The Lockyer catchment lies to the east of Toowoomba on the Great Dividing Range spanning an area of 3000 km2 (see Fig. 8.1). The catchment has a typical bowl shape draining from the high elevation of the Ranges to the lower wide alluvial plains and lowlands. The Lockyer Creek comprises the main stream system in the catchment. Two major tributaries enter the catchment along the southern margins, including Murphy’s Creek—a bedrock confined with a mean channel bed slope of 0.006 mm−1 on its upper reaches with isolated floodplain pockets and 0.008 mm−1 on the lower reaches (Leigh et al. 2013).

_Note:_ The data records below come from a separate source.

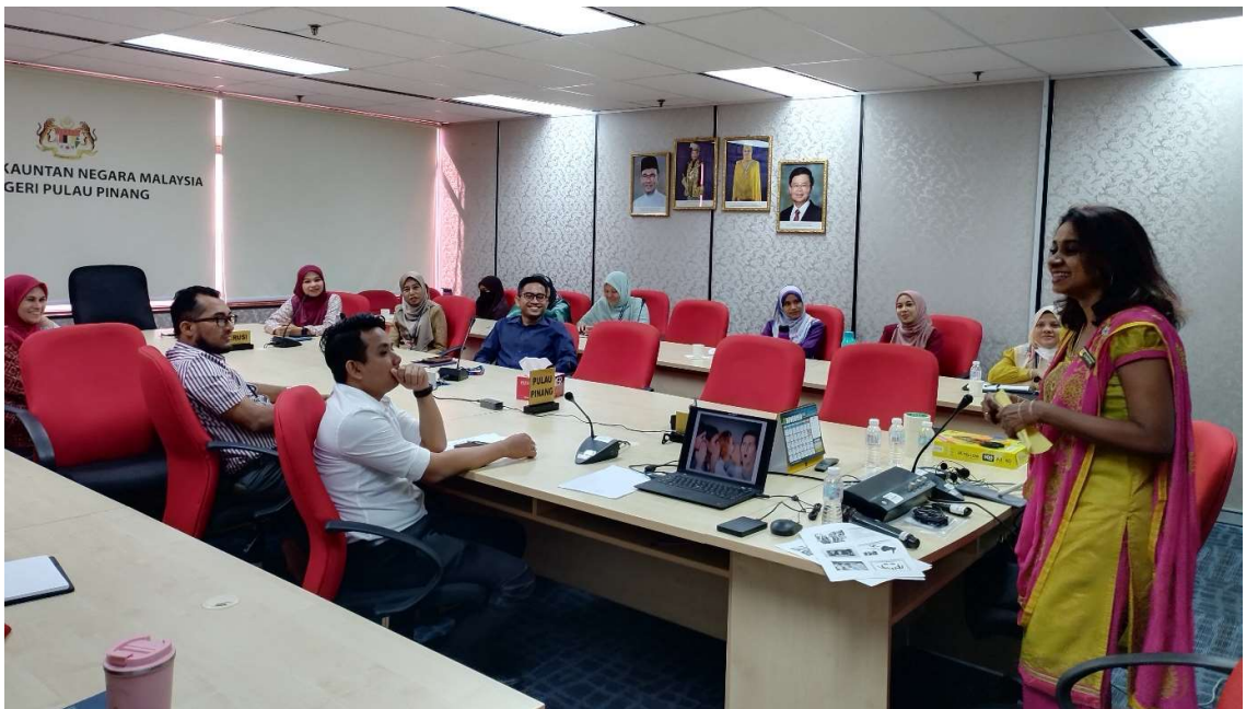
Para peserta yang terlibat

Kursus ini telah dihadiri seramai 28 peserta dari Jabatan Akauntan Negara Malaysia Negeri Pulau Pinang. Kursus ini telah disampaikan oleh Puan Punitha a/p Sivaraman dari Institut Tadbiran Awam Negara Kampus Wilayah Utara (INTURA). Objektif kursus adalah mempamerkan komunikasi berkesan secara verbal dan non- verbal, mempamerkan sikap positif dan layanan yang professional kepada pelanggan, menerangkan konsep perkhidmatan kaunter yang berkesan serta menyusun dan mengatur persekitaran kaunter yang mesra pelanggan.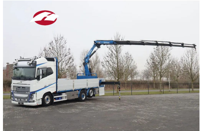
Volvo FH 16.750 | 6X2*4 RETARDER EFFER 215-6 DEMOU...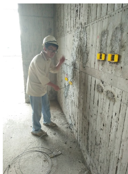
東一水電工程行訪視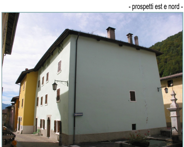
- prospetti est e nord -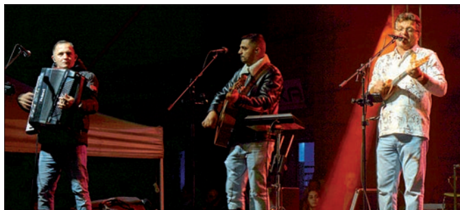
A nagyszabású eseményen - a muzsikájukban hihetetlen sokszínű elemet felölelő - Parno Graszt zenekar adott fergeteges koncertet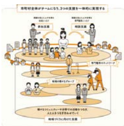
厚生労働省が示すイメージ図

A 様々な教育的ニーズへの対応が求められており、より多くの子どもに対する支援を充実させる。丁寧に周知を行うとともに、効果的な支援となるよう、各学校と連携を図る。効果等を検証し、子どもの自立を目指した教育推進に努める。

The lower part of the catchment is characterised by a wide valley floor (2–13 km) where channel plan form alternates between low sinuosity reaches and tight meandering bends incised into bedrock (Leigh et al. 2013).

Two agricultural activities predominate in the area: grazing in the upper ridges and intensive agricultural production, especially horticultural activities on the domains of its fertile floodplain (Warner 2011). Clearing and settlement of the Valley began in the 1840s and by 1940 most waterways associated with the Lockyer Creek were cleared of vegetation (Warner 2011). As a result, erosion in the area is estimated to be 30 times higher than that of pre-European settlement (Olley et al. 2006). During large flood events, the main creek systems that form the catchment area do not have the capacity of absorbing water discharge from the upper area and it is estimated that more than 600 tones of sediment originated from the Lockyer Valley was discharged into Moreton Bay as a result of the 2011 floods (Warner 2011).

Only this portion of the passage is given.